Architechair

What Am I Even Doing

It was some time ago that I created my first MR touching WSI stuff.

That was also the first time I broke Mesa.

Did I learn anything?

The answer is no, but then again it would have to be given the topic of this sleep-deprived post.

Maybe I’m The Problem

WSI has a lot of issues, but most of them stem from its mere existence. If people stopped wanting to see the triangles, we would all have easier lives and performance would go through the fucking roof. That’s ignoring the raw sweat and verbiage dedicated to insane ideas like determining the precise time at which the triangles should be made visible on a display or literally how are colors.

I’m nowhere near as smart as the people arguing about these things: I’m the guy who plays jenga with the tower constructed from popsicle sticks, marshmallow fluff, and wishful thinking. That’s why, a while ago, I declared war on DRI interfaces and then also definitely won that war without any issues. In fact, it works perfectly.
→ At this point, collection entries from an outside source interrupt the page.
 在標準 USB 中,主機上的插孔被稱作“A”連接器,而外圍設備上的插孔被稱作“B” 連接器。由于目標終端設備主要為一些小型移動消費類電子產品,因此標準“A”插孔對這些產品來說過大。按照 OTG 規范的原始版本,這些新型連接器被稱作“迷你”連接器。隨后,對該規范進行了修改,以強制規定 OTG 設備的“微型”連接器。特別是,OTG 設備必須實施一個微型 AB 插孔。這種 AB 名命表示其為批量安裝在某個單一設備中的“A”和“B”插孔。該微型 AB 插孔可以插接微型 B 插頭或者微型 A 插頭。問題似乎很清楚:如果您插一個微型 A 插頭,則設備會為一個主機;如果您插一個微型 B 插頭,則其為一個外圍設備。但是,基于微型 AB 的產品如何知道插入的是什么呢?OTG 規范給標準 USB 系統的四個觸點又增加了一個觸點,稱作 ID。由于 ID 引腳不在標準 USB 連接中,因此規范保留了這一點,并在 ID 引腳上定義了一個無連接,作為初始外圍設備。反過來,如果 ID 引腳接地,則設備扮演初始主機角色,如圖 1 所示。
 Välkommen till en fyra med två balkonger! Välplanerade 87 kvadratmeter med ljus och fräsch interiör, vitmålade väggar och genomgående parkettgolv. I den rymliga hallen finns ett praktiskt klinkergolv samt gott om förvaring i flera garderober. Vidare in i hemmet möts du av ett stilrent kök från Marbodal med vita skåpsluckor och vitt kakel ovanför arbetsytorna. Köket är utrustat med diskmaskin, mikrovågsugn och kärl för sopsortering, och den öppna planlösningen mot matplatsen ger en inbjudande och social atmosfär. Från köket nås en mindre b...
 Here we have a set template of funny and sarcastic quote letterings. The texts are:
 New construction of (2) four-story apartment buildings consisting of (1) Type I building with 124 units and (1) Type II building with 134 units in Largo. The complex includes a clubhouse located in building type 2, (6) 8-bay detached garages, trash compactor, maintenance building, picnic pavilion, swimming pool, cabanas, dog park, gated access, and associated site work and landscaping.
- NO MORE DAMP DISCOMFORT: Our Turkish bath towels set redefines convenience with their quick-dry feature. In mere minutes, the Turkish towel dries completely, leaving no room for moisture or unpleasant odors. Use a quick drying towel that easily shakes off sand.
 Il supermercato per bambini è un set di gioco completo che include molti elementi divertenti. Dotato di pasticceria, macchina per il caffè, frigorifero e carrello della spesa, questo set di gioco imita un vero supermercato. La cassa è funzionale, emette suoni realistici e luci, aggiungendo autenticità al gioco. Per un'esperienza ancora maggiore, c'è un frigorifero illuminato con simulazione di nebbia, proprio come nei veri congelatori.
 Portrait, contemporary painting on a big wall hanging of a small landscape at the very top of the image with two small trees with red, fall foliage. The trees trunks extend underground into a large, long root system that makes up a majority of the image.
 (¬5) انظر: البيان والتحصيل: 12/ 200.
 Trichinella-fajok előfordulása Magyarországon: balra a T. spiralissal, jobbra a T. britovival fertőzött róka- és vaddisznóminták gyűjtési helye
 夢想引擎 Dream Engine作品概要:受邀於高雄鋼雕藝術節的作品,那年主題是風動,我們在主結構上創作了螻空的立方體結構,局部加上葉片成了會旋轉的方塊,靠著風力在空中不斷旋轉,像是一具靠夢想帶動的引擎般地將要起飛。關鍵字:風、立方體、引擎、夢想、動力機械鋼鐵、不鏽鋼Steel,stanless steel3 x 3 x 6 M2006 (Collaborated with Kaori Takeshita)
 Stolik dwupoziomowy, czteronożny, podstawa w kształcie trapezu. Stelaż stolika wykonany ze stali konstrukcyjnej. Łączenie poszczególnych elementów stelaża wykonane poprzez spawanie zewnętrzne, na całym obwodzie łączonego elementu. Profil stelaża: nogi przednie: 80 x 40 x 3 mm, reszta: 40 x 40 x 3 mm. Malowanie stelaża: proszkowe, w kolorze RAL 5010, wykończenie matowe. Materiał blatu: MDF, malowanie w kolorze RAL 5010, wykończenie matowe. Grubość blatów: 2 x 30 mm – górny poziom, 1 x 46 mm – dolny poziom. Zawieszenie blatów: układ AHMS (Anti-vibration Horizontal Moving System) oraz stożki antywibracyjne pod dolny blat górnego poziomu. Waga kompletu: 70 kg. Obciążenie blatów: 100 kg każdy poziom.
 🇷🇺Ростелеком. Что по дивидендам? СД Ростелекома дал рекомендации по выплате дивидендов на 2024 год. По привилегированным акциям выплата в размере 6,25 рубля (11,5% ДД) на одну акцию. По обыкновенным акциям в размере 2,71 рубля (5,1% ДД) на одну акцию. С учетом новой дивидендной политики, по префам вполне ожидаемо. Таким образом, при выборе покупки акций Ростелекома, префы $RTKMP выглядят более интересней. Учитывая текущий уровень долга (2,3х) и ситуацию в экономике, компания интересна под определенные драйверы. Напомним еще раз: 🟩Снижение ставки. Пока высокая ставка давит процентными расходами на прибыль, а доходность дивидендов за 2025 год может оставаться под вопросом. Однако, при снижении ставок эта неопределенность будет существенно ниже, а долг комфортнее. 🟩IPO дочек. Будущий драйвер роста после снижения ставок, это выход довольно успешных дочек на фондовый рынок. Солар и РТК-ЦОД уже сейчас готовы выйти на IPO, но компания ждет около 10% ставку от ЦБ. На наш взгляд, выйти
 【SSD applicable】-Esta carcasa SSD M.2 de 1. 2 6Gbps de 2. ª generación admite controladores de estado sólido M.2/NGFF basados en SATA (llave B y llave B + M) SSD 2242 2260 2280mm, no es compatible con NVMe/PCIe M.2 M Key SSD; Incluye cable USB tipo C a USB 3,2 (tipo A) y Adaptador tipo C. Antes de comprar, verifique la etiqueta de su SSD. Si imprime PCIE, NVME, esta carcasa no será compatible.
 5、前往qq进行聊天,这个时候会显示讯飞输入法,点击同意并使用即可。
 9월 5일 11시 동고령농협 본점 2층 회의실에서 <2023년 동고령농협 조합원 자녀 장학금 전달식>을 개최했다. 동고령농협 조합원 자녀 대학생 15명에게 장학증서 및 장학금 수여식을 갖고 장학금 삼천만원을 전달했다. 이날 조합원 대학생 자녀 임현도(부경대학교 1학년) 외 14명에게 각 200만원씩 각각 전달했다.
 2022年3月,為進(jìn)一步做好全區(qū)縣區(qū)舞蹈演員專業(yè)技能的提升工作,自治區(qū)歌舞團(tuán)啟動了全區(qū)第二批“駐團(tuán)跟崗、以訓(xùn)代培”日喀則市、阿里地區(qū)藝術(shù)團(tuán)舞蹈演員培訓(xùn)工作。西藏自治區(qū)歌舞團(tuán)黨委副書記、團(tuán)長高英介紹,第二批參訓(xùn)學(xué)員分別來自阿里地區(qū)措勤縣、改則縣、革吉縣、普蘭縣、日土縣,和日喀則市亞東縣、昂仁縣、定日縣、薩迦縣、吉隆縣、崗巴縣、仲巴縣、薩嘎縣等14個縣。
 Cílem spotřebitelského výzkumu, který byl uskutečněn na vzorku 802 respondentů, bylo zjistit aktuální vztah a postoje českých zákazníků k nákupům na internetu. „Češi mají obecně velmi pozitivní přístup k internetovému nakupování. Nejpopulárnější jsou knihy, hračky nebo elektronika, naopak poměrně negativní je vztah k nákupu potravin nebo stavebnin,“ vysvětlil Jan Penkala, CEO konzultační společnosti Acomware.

But why did I embark upon this journey which required absolutely no fixups?

The answer lies in architecture. In the before-times, DRI (a massively overloaded acronym that no longer means anything) allowed Xorg to plug directly into Mesa to utilize hardware-accelerated rendering. It sidestepped the GL API in favor of a contract with Mesa that certain API would never change. And that was great for Xorg since it provided an optimal path to do xserver stuff. But it was (eventually) terrible for Mesa.

Renegotiation

When an API contract is made, it remains binding forever. A case when the contract is broken is called a Bug Report. Mesa has no bugs, however, except for the ones I didn’t cause, and so this DRI contract that enables Xorg to shortcut more sensible APIs like EGL remains identical to this day, decades later. What is not identical, however, is Mesa.

In those intervening years, Mesa has developed into an entire ecosystem for driver development and other, less sane ideas. Gallium was created and then became the only method for implementing GL drivers. EGL and GBM are things now. But still, that DRI contract remains binding. Xorg must work. Like that one reviewer who will suggest changes for every minuscule flaw in your stupid, idiotic, uneducated, cretinous abuse of whitespace, it is not going away.

DRIL was the method by which Mesa could finally unshackle itself. The only parts of DRI still used by Xorg are for determining rendertarget capabilities, effectively eglGetConfigs. So @ajax and I punted out the relevant API into a stub which is mostly just a wrapper around eglGetConfigs. This enabled change and cleanup in every part of the codebase that was previously immutable.

Bidirectional Hell

As anyone who has tried to debug Mesa’s DRI frontend knows, it sucks. It’s one of the worst pieces of code to debug. A significant reason for this is (was) how the DRI callback system perpetuated circular architecture.

At the time of DRIL’s merge, a user of GLX/EGL/GBM would engage with this sort of control flow:

  1. GLX/EGL/GBM API call
  2. direct API internals
  3. function pointer into gallium/frontends/dri
  4. DRI frontend
  5. function pointer back to GLX/EGL/GBM
  6. <loop back to 2 until operation completes>
  7. return to user

In terms of functionality, it was functional. But debugging at a glance was impossible, and trying to eyeball any execution path required the type of PhD held by fewer than five people globally. The cyclical back-and-forth function pointering was a vertical cliff of a learning curve for anyone who didn’t already know how things worked, and even things as “simple” as eglInitialize went through several impenetrable cycles of idiot-looping to determine success or failure. The absolute state of it made adding new features a nightmarish and daunting prospect, and reviewing any changes had, at best, even odds of breaking things because of how difficult it is to test this stuff.

Better Now?

Maybe.

The juiciest refactoring is over, and now function pointering only occurs when the DRI frontend needs to access API-specific data for its drawables. It’s actually possible to follow execution just by reading the code. Not that it’s necessarily easy, but it’s possible.

There’s still a lot of work to be done here. There’s still some corner case bugs with DRIL, there’s probably EGL issues that have yet to be discovered because much of that code is still fairly opaque, and half the codebase is still prefixed with dri2_.

At the least, I think it’s now possible to work on WSI in Mesa and have some idea what’s going on. Or maybe I’ve just been down in the abyss for so long that I’m the one staring back.

Onward

I’ve been cooking. I mean like really cooking. Expect big things related to the number 3 later this month.

* UPDATE: At the urging of my legal team, I’ve been advised to mention that no part of this post, blog, or site has any association with, bearing on, or endorsement from Half Life 3.

Written on September 6, 2024